Issue: The return type annotation uses >>>float | None<<< which is Python 3.10+ syntax
Problem: The pipe operator for union types (|) was introduced in Python 3.10. For broader compatibility, this should use the typing.Union syntax or typing.Optional
Fix: Change -> float | None: to -> Optional[float]: (and ensure Optional is imported from typing)
Location: In the "Generate Temporal ApplicationErrors from HTTP responses" section, in the _parse_retry_after_header function
Context: " # First, try the non-standard retry-after-ms header for milliseconds,
# which is more precise than integer-seconds retry-after
try:
retry_ms_header = response_headers.get("retry-after-ms", None)
>>>return float(retry_ms_header) / 1000<<<
except (TypeError, ValueError):
pass"
Problem: If retry_ms_header is None (which is the default from .get()), float(None) will raise a TypeError, but the code will silently continue due to the except block. While this works, it's attempting an operation that will always fail when the header is missing.
Fix: Add a check before the conversion:
retry_ms_header = response_headers.get("retry-after-ms", None)

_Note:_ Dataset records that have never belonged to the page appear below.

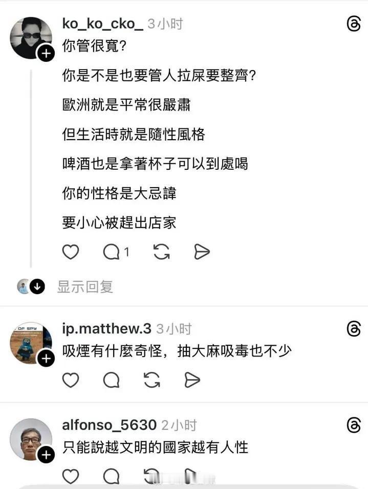 欧洲人在路边或边走边抽烟就行,但大陆就不行,看到4v们这个德性都不知道该怎么吐槽
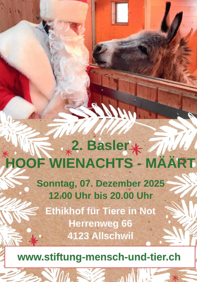 Erleben Sie einen speziellen Vorweihnachts-Sonntag in gemütlicher und besinnlicher Atmosphäre auf dem Ethikhof für Tiere in Not in Allschwil.
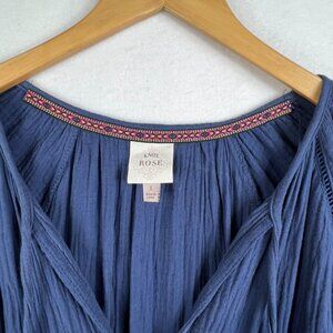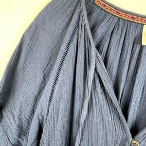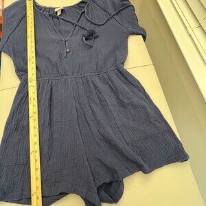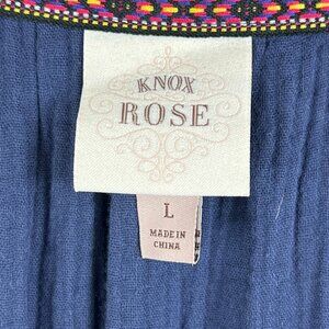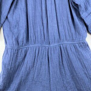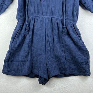 Knox Rose Womens Navy Blue Gauze V-Neck Romper Shorts Size L Puff Sleeve
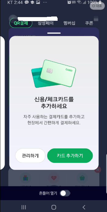 아래의 화면에서 왼쪽으로 2번을 밀면 다음과 같은 화면에서 카드추가하기가 나옵니다.
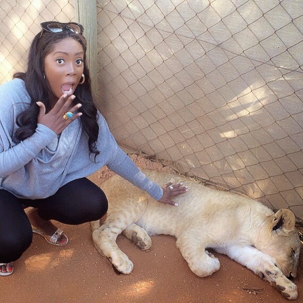 Pregnant Nigerian music star Tiwa Savage who is in South Africa has posted a picture of her goofing around a lion cub.
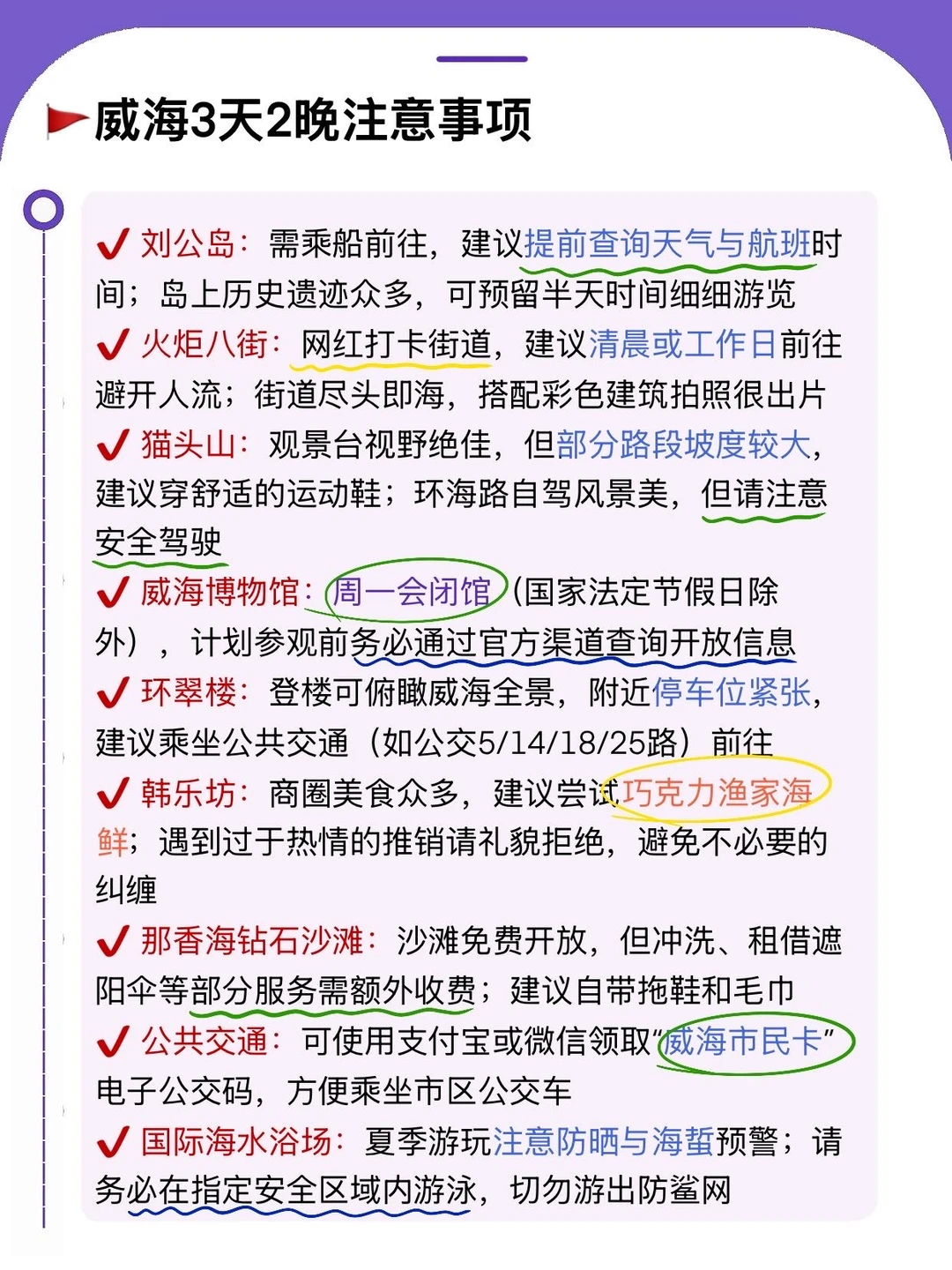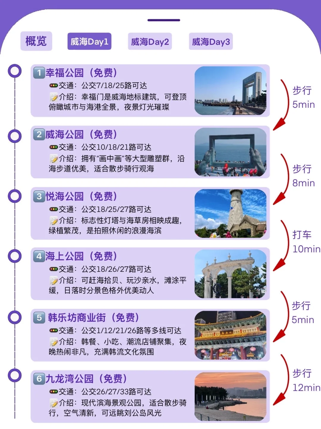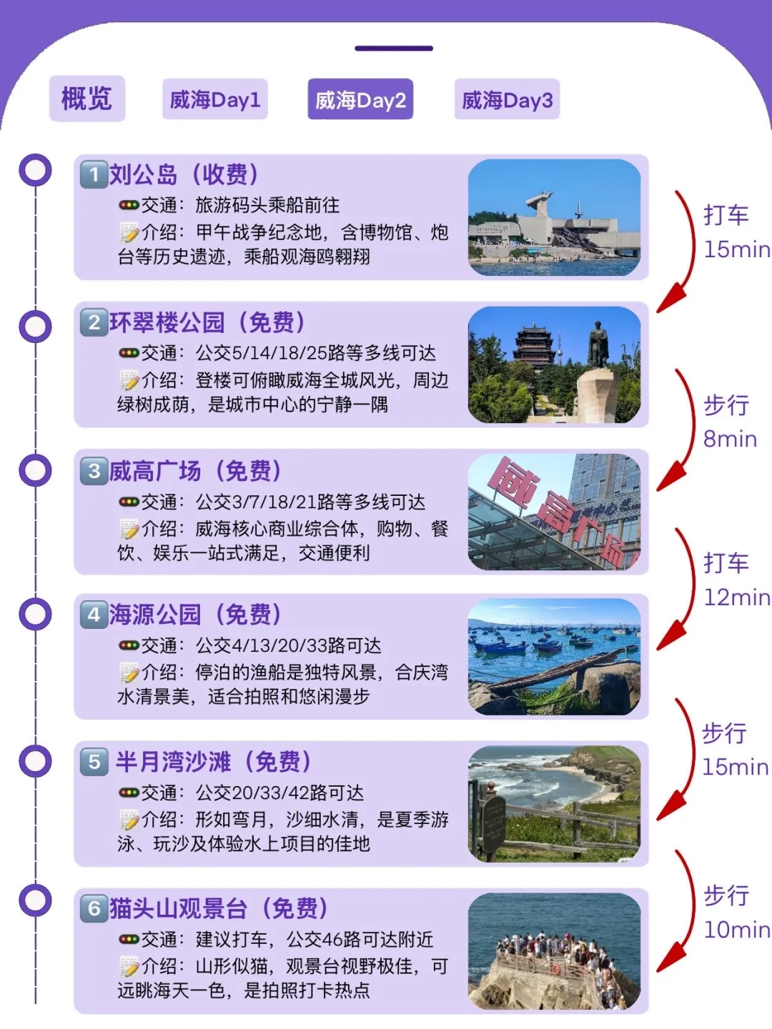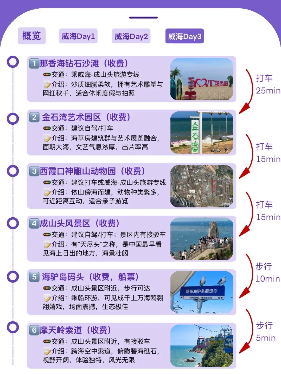 威海真的太适合短途旅行了!刚刚打卡回来细心整理的,3️⃣天2️⃣晚行程!轻松逛完👉18个景点,每天不赶时间,海风+沙滩+小众打卡地全安排上~

if retry_ms_header is not None:
return float(retry_ms_header) / 1000
Location: In the "Generate Temporal ApplicationErrors from HTTP responses" section, in the _parse_retry_after_header function
Context: " # Last, try parsing retry-after as a date.
>>>retry_date_tuple = email.utils.parsedate_tz(retry_header)<<<
if retry_date_tuple is None:
return None"
Problem: The variable retry_header might be None at this point (if the header wasn't present), but parsedate_tz is being called on it without checking. While parsedate_tz does handle None by returning None, it's unclear and could be confusing.

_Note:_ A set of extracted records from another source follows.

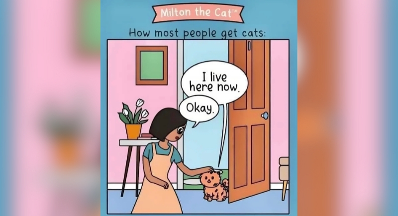 This comic doesn’t exaggerate; it’s how things actually unfold. A cat shows up at your door, steps inside like it’s reviewing real estate, then just… stays. You open the door out of politeness, and suddenly, you’ve signed a 15-year lease you didn’t know existed.
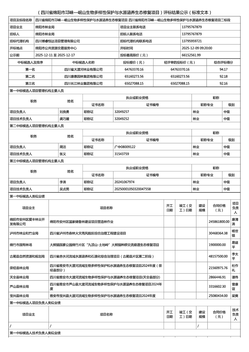 四川省綿陽市邛崍一岷山生物多樣性保護(hù)與水源涵養(yǎng)生態(tài)修復(fù)項(xiàng)目評(píng)標(biāo)結(jié)果公示(二標(biāo)段)
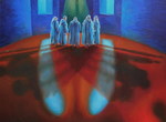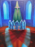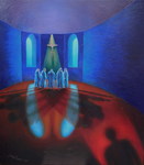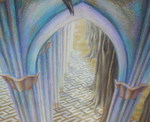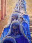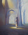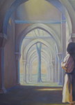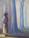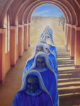 2006Nonnen in kloostergang; olieverf op papier op MDF. Te koop. Behorend bij expositie ''De Laatste Gang''. Meer info is links in het menu te vinden onder het kopje: ''EXPO kloosterserie''. Vooral het klooster ''De Achelse Kluis'' is mijn grootste inspiratiebron geweest.
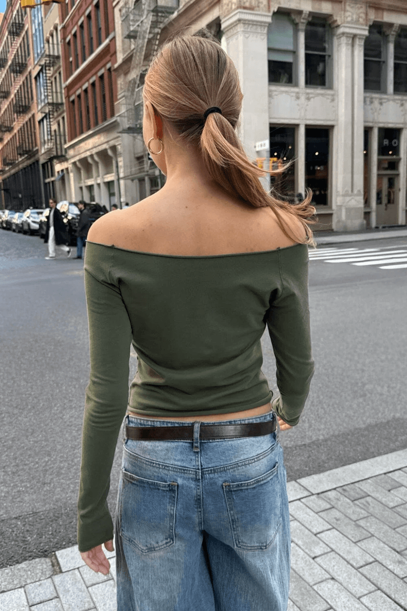 élevez Votre Garde-robe Avec Le Magnifique haut Bonnie De Brandy Melville En Forêt Profonde. Ce Haut à Manches Longues Et Décolleté Est Le Mélange Parfait De Style Et De Confort, Conçu Pour Ceux Qui Aiment Se Démarquer. Fabriqué à Partir D'un Mélange De Coton Doux, Il Est Idéal Pour Toutes Les Occasions, Que Vous Sortiez Avec Des Amis Ou Que Vous Profitiez D'une Journée Confortable à L'intérieur.
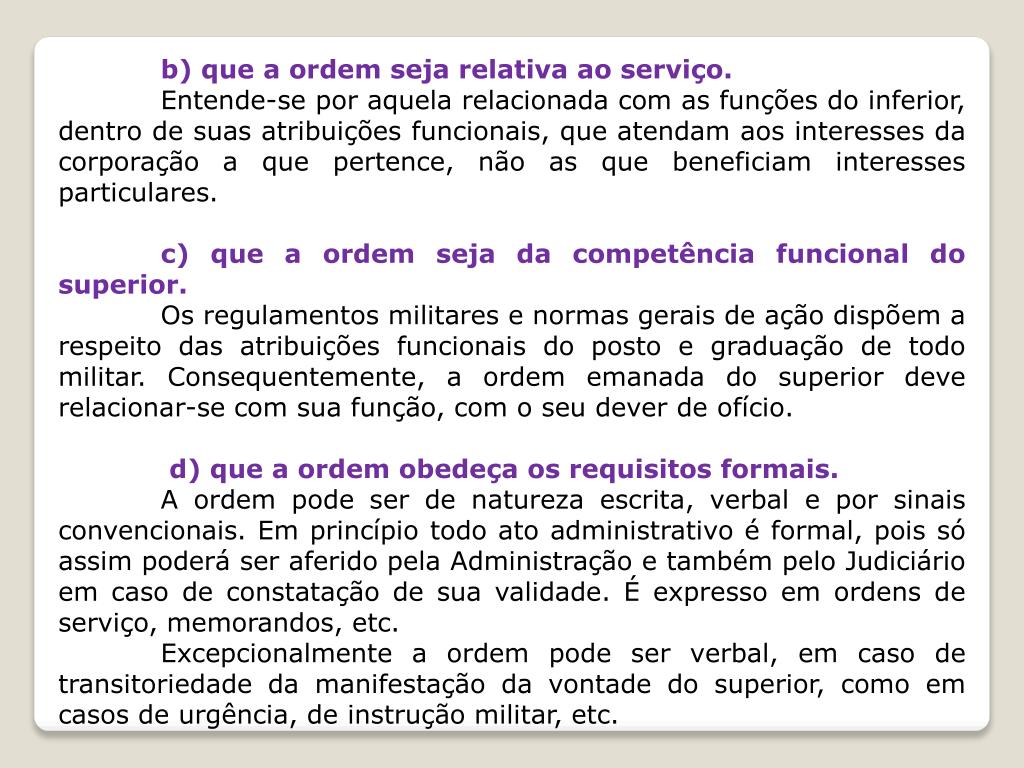 b) que a ordem seja relativa ao serviço. Entende-se por aquela relacionada com as funções do inferior, dentro de suas atribuições funcionais, que atendam aos interesses da corporação a que pertence, não as que beneficiam interesses particulares. c) que a ordem seja da competência funcional do superior. Os regulamentos militares e normas gerais de ação dispõem a respeito das atribuições funcionais do posto e graduação de todo militar. Consequentemente, a ordem emanada do superior deve relacionar-se com sua função, com o seu dever de ofício. d) que a ordem obedeça os requisitos formais. A ordem pode ser de natureza escrita, verbal e por sinais convencionais. Em princípio todo ato administrativo é formal, pois só assim poderá ser aferido pela Administração e também pelo Judiciário em caso de constatação de sua validade. É expresso em ordens de serviço, memorandos, etc. Excepcionalmente a ordem pode ser verbal, em caso de transitoriedade da manifestação da vontade do superior, como em casos de urgência, de instrução militar, etc.
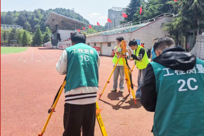 (靳海軍、李鳳老師指導(dǎo)的學(xué)生鄧密宏、吳磊、熊建發(fā)、張芳鑫在工程測(cè)量項(xiàng)目比賽現(xiàn)場(chǎng))
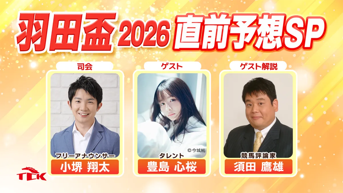 東京シティ競馬(TCK)が主催する「羽田盃2026直前予想SP」が、いよいよ放送されることが決まりました。この特別番組では、3歳ダート三冠の初戦である羽田盃(JpnⅠ)を前に、豊島心桜さんや須田鷹雄さんをゲストに迎え、競馬ファンにとって欠かせない解析が行われます。
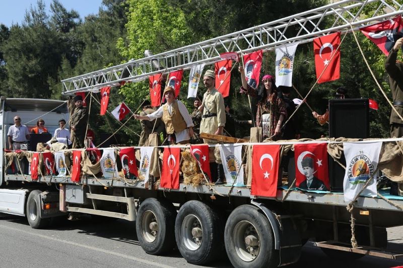 Atakum Belediyesi ekipleri tarafından dorse bölümü tiyatro sahnesine dönüştürülen Kuva-yı Milliye Tırı pencere ve balkonlardaki vatandaşlara bayram coşkusunu yaşattı.
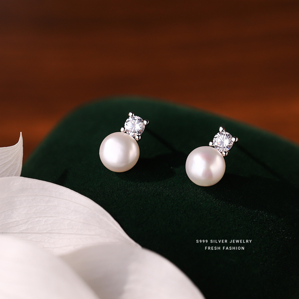 s999足银锆石淡水珍珠耳钉女法式复古轻奢气质小众高级感设计耳饰

Fix: Add a check before parsing:
# Last, try parsing `retry-after` as a date.
if retry_header is None:
return None
retry_date_tuple = email.utils.parsedate_tz(retry_header)
Location: In the "Raise the exception from the Activity" section, in the imports
Context: "from temporalio import activity from openai import AsyncOpenAI
from openai.types.responses import Response<<< from dataclasses import dataclass"

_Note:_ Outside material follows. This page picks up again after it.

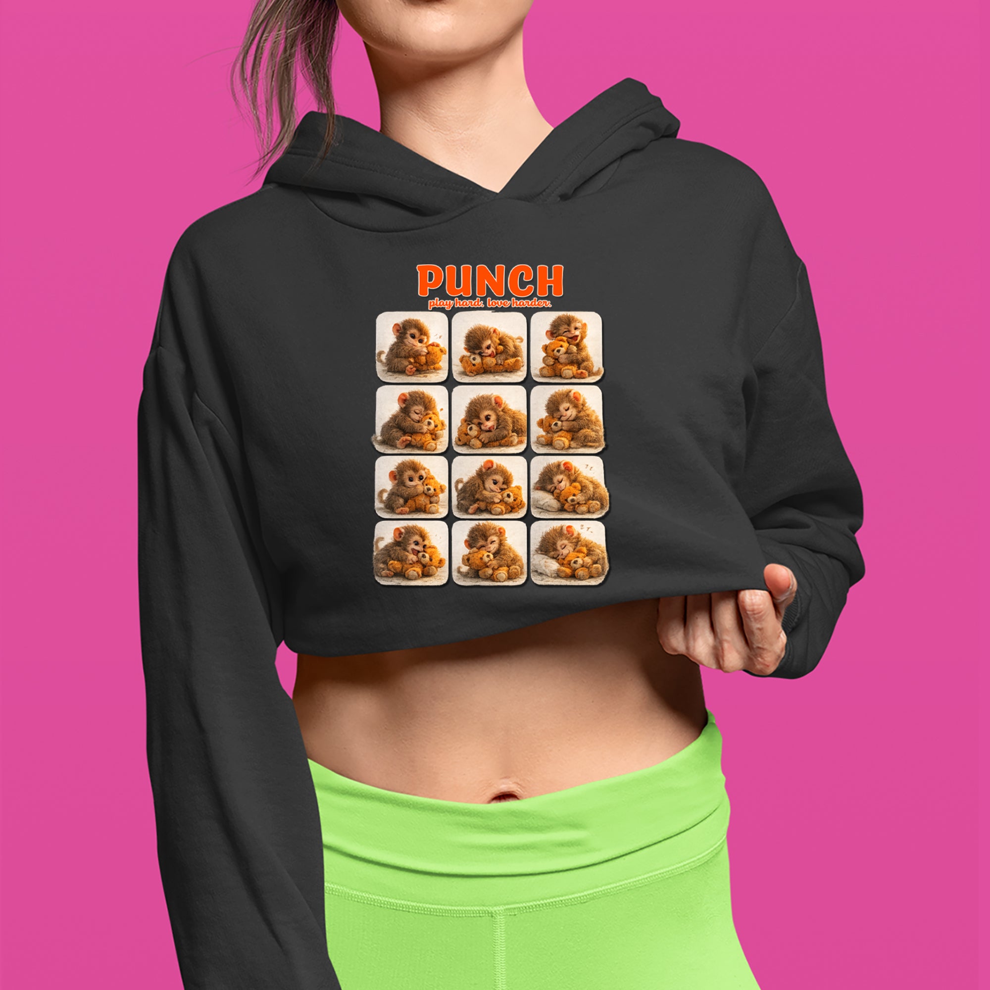 EVERY MOOD. ONE LITTLE MONKEY. | Chewing the plush, napping on it, laughing, brooding, cuddling - this design captures the full emotional range of the world's most relatable baby snow monkey in one epic grid. Fans will lose it. PLAY HARD. LOVE HARDER. | That is not just a tagline, that is Punch's entire biography. Japan zoo devotees, viral macaque followers, and anyone who has ever loved something with their whole chest will wear this like a badge of honor.

Problem: The import path openai.types.responses appears to be incorrect based on the OpenAI Python library structure. The Response type is typically imported differently.
Fix: This should likely be from openai.types import CompletionCreateResponse or similar, depending on the actual OpenAI library version and the specific response type being used. The exact import depends on which OpenAI API is being called.
Location: In the "Raise the exception from the Activity" section, in the create activity function
Context: " resp = await client.>>>responses<<<.create( model=request.model, instructions=request.instructions, input=request.input, timeout=15, )"
Problem: The OpenAI AsyncClient doesn't have a responses attribute. This appears to be using an incorrect API endpoint name.
Fix: Based on the parameters (model, instructions, input), this looks like it should be either completions.create() or chat.completions.create() depending on the intended API endpoint.